Un altro ampio settore di applicazione è la lead generation, ovvero la raccolta di una lista di contatti. Molte ricerche con finalità commerciali spesso non possono tradursi in un acquisto immediato, è il caso ad esempio di query legate alla ricerca di servizi come consulenze legali, di web marketing; la ricerca di appartamenti in vendita, o di uno specialista medico nella propria città. L’obiettivo è quindi far aumentare il numero delle richieste di contatto, di informazione sui propri prodotti o servizi e le richieste di preventivo. Le chiavi su cui puntare sono di natura commerciale, e anche in questo caso, come per l’ecommerce, potrebbe essere opportuno attivare una campagna AdWords per conoscere le parole chiave che convertono meglio.

5) Reputation Management

Può succedere che cercando il nome della propria azienda su Google, appaia tra i primi risultati una pagina contenente una critica, commento o recensione negativa. L’obiettivo di una consulenza SEO per la reputation management è quello di neutralizzare il commento negativo, spingendolo al di sotto dei primi 10 risultati della SERP. La migliore tattica in questo caso è usare i social media, i blog di settore, i media online per provare a scalzare il risultato che vogliamo contrastare. D’altronde si dice che la seconda pagina dei risultati di ricerca sia il posto migliore per nascondere un cadavere…

6) Promozione locale

Molte delle ricerche hanno lo scopo di trovare informazioni su negozi e attività della propria città. Google inoltre personalizza le SERP in base alla località dell’utente, integrando nelle pagine dei risultati anche le schede di Places. Se la propria attività vende prodotti o eroga servizi su un territorio geograficamente circoscritto, l’obiettivo deve essere quello di posizionarsi nelle SERP locali. In concreto se ho una pizzeria a Bari, è mio interesse farmi trovare da utenti di Bari e non da quelli di Roma. Le chiavi di ricerca su cui puntare sono quelle che contengono il nome della mia località “pizzeria a Bari”, e long tail che descrivono in maniera precisa la mia attività “pizzeria da asporto zona Torre a Mare Bari”. Oltre al posizionamento organico bisogna puntare a posizionarsi anche su Google Places, sfruttando gli strumenti messi a disposizione da Google My Business.
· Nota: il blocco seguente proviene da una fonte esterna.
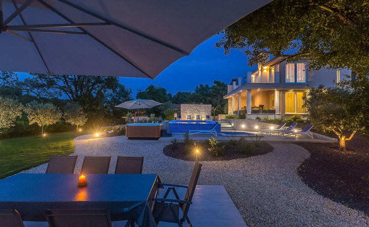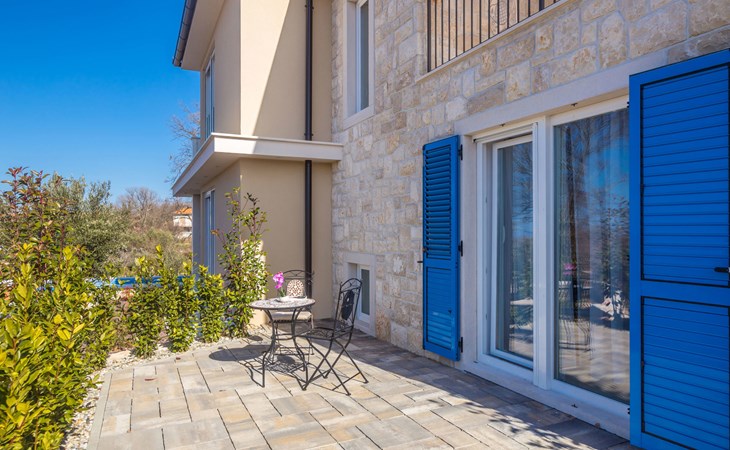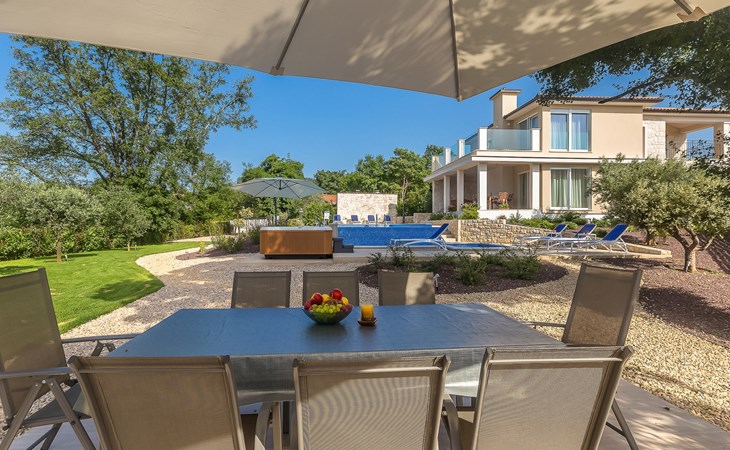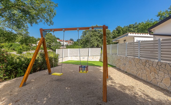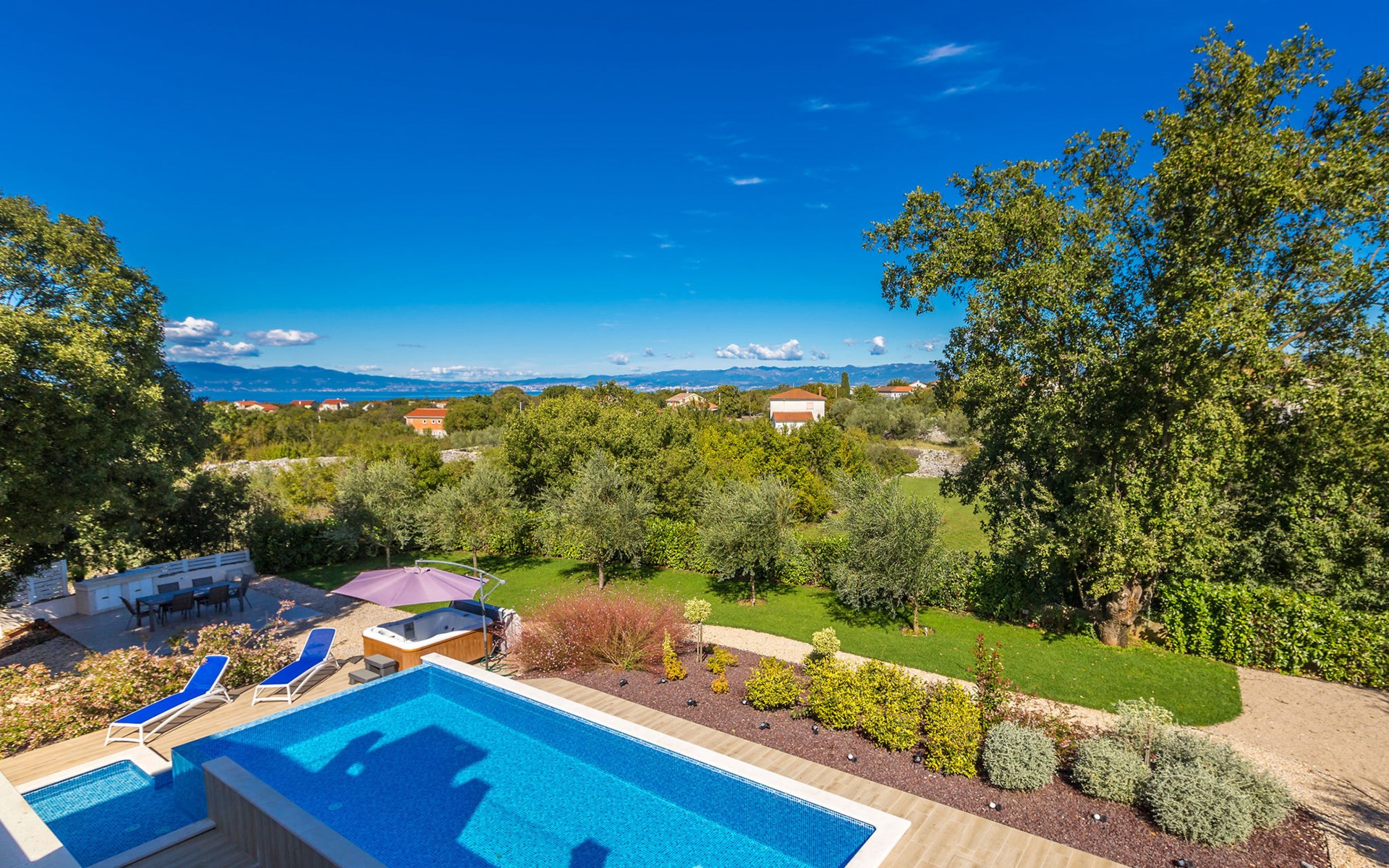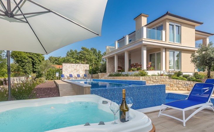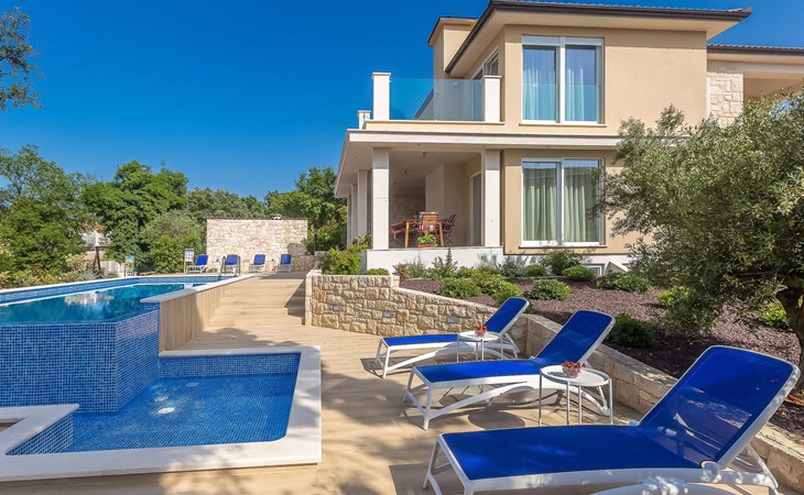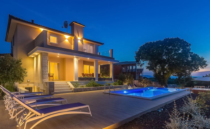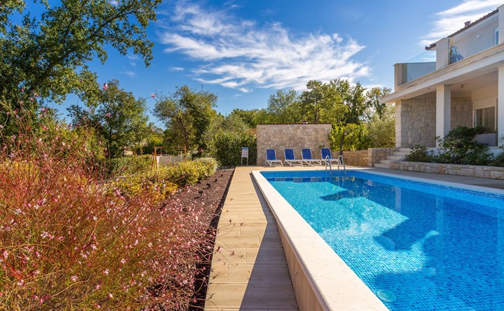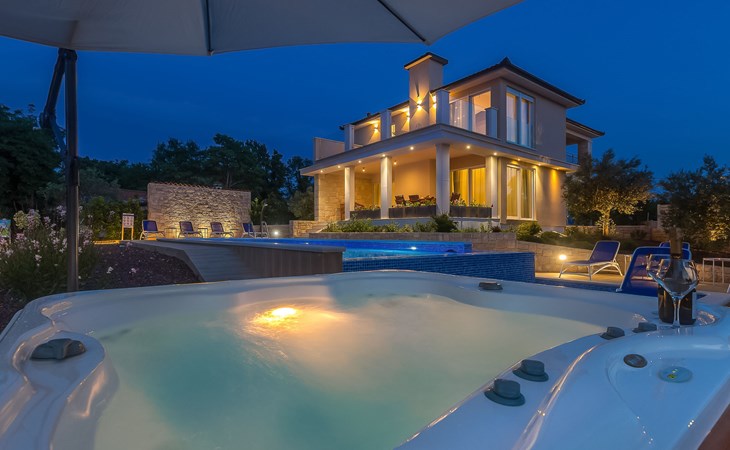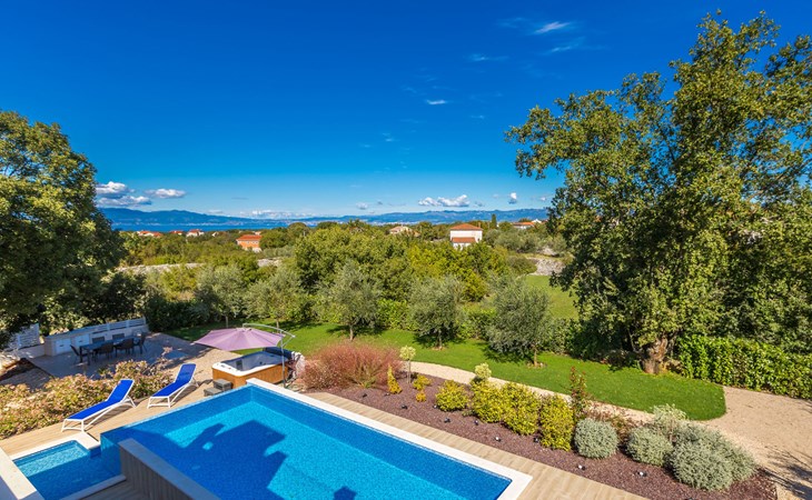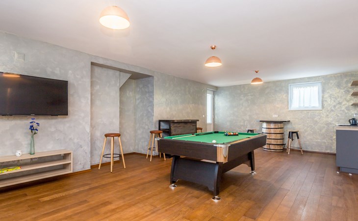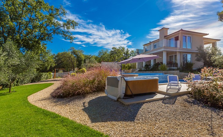 Beautiful villa "Roko", 3 storeys. In the hamlet Ljutići 2.5 km from the centre of Malinska, in a quiet, sunny position, 2.5 km from the sea, 2.5 km from the beach, in the countryside. Private: property 1'200 m2, swimming pool angular (10 x 3 m, depth 150 cm, seasonal availability: 01.May. - 31.Oct.). Paddling pool, outdoor shower, hot tub, terrace (100 m2). In the house: internet access, sauna, relaxation room, billiard table, washing machine, tumble dryer. Parking (for 4 cars) at the house on the premises. Shop 2 km, supermarket 4 km, restaurant 2 km, bus stop 1.3 km, pebble beach 2.5 km, public bathing area 2.5 km, concrete beach 2.5 km. Groups of teenagers on request only. By groups of young people double deposit is requested on arrival.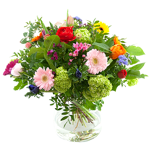 One of our bestsellers, this cheerful spring bouquet is a joy to receive. It makes you happy, various flowers in all kinds of colors tied into a round bouquet.

L’azienda ha ricevuto una critica negativa o offre servizi che non sono vendibili online?

Questi sono solo alcuni degli obiettivi che la SEO permette di raggiungere. Prima di investire in strategie SEO di lungo termine è bene considerare quindi quali risultati ci si aspetta e quali obiettivi si vogliono ottenere. L’azienda ha bisogno di aumentare le vendite, di incrementare il traffico, di accrescere la notorietà del brand, di raggiungere utenti locali? L’azienda ha ricevuto una critica negativa o offre servizi che non sono vendibili online? Solo dopo aver risposto a queste domande, è possibile definire in maniera concreta i propri obiettivi e decidere la migliore strategia SEO per perseguirli.